Feb
26
2009

Valuable Tools you need in your Tool box

I found some tools which you just need to take a look at.

XAML Power Toys 4.0

The first one is XAML Power Toys 4.0, this is a Visual Studio 2008 SP1 Add-Id that empowers WPF & Silverlight developers while working in the XAML editor. XAML Power Toys generates .NET 3.5 SP1 WPF compliant XAML and Silverlight 2.0 compliant XAML.

Although this is what the web site says, if you go through some of the videos, which I highly recommend you watch to get really excited, you find that the tool does so much more. It also generates M-V-VM code based on some pretty sophisticated wizards.

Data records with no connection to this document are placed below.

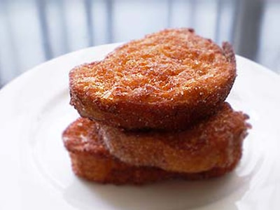 • Frite dos dois lados em óleo, retire, coloque em um prato com papel-absorvente e em seguida passe pela mistura do açúcar com canela.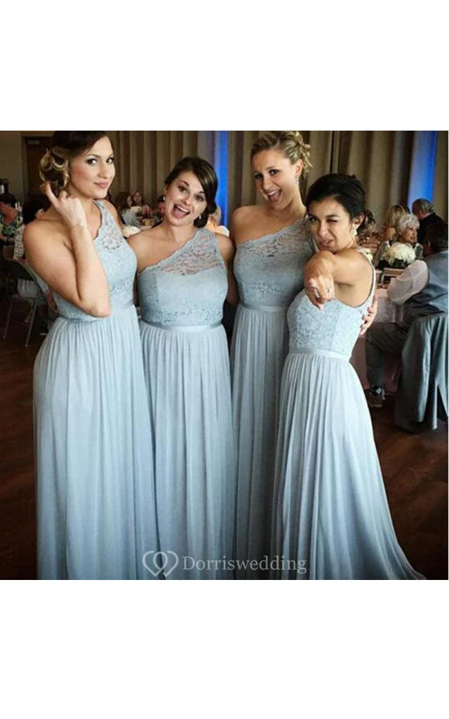 A-line One-shoulder Sleeveless Bell Backless Chiffon Lace Dress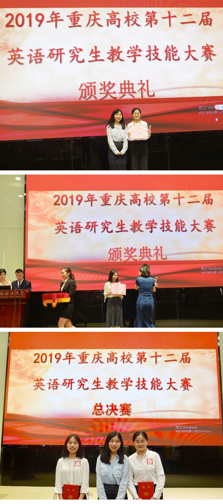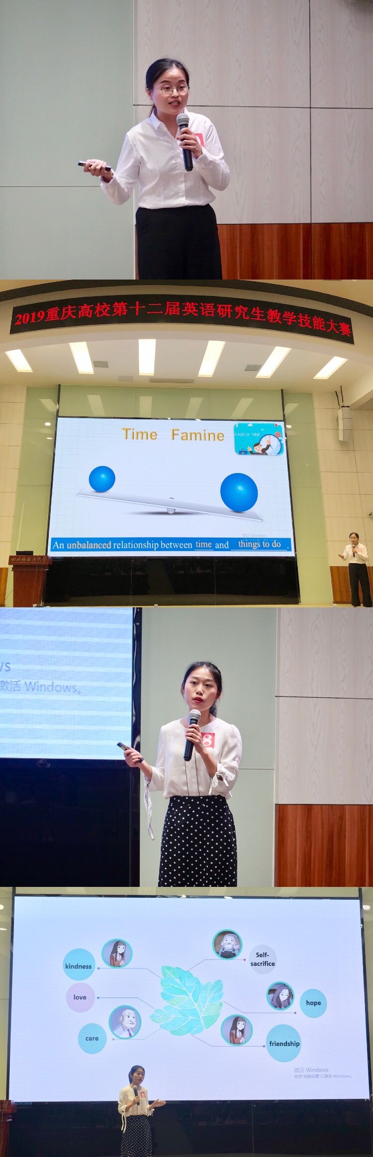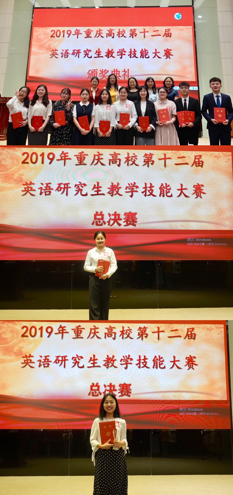 5月30日晚7点,重庆高校第十二届英语研究生教学技能大赛总决赛在四川外国语大学东区宏文楼二楼国际报告厅如期举行。来自重庆市5所高校的10名选手参加了本次角逐,经过激烈比拼,外国语学院2017级研究生陈青青、2018级研究生刘金惠在比赛中表现突出,分别获得一等奖和二等奖。同时,陈青青荣获“最佳教师风采奖”。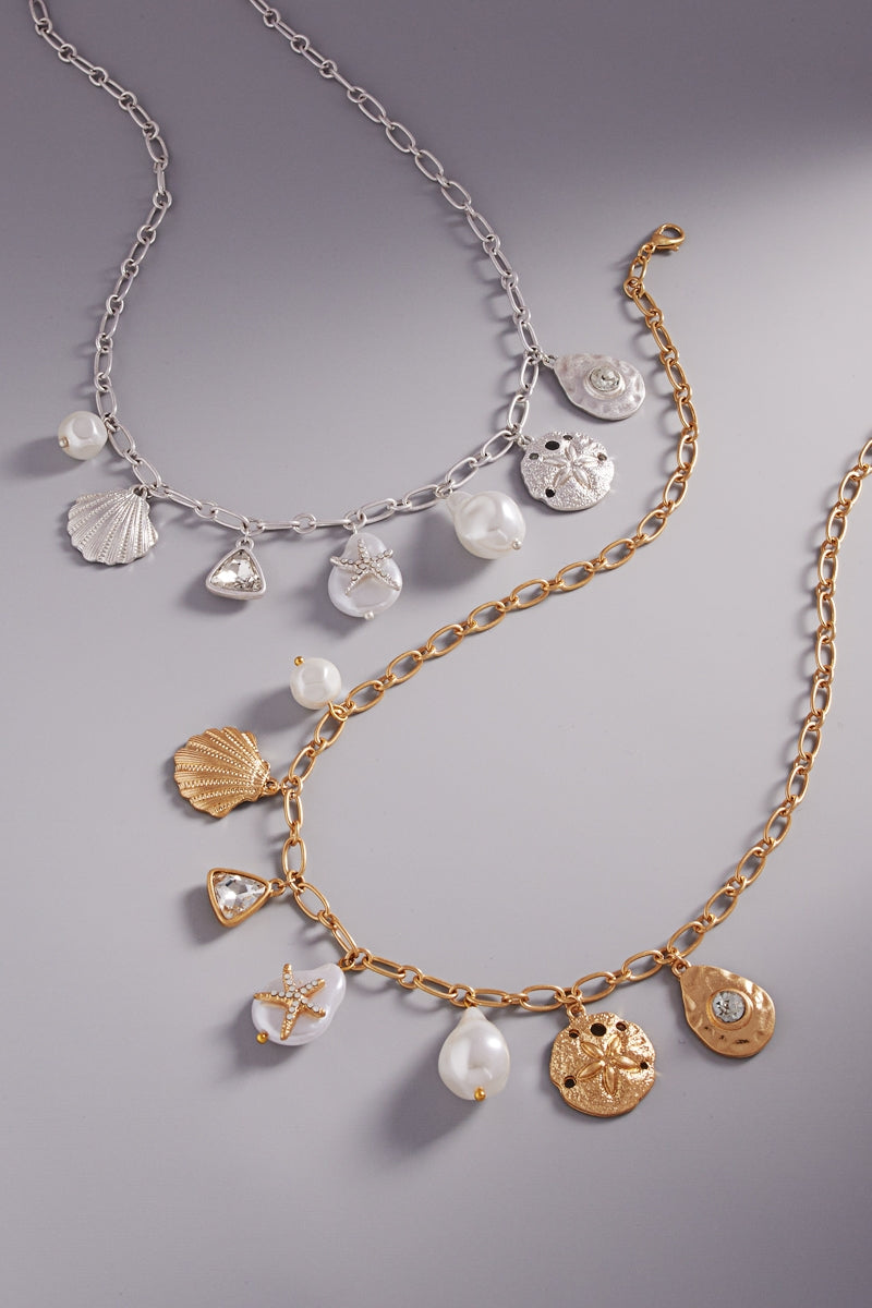 Summer Sealife Vintage Pearl Charm Short Necklace

There is so much to say about this tool but I think it is better for you to take a look at the site @ http://karlshifflett.wordpress.com/xaml-power-toys/

Don’t forget to watch the videos!!!

Mole 4.2 for Visual Studio

The next one is a tool, well actually more than a tool…, from the same people. This tool helps you traverse through objects during debugging scenarios. Again, you just need to take a look at the videos, it is pretty cool what you can do and the depth of information you can get from it. The Mole works with WPF, WCF, WF, WinForms and ASP.NET.

Mole is a Visual Studio visualizer. Visualizers have been part of Visual Studio since version 2005. During debugging sessions, visualizers allow developers to view objects and data using a customized interface. Visual Studio ships with several simple but useful visualizers.

Mole was designed to not only allow the developer to view objects or data, but to also allow the developer to drill into properties of those objects and then edit them. Mole allows unlimited drilling into objects and sub-objects. When Mole finds an IEnumerable object, the data can be viewed in a DataGridView or in the properties grid. Mole easily handles collections that contain multiple types of data. Mole also allows the developer to view non-public fields of all these same objects. You can learn a lot about the .NET framework by drilling around your application’s data.

Depending on the type of object you are visualizing you can view properties, fields, IEnumerable collection data, an image of the data/control, and run-time XAML.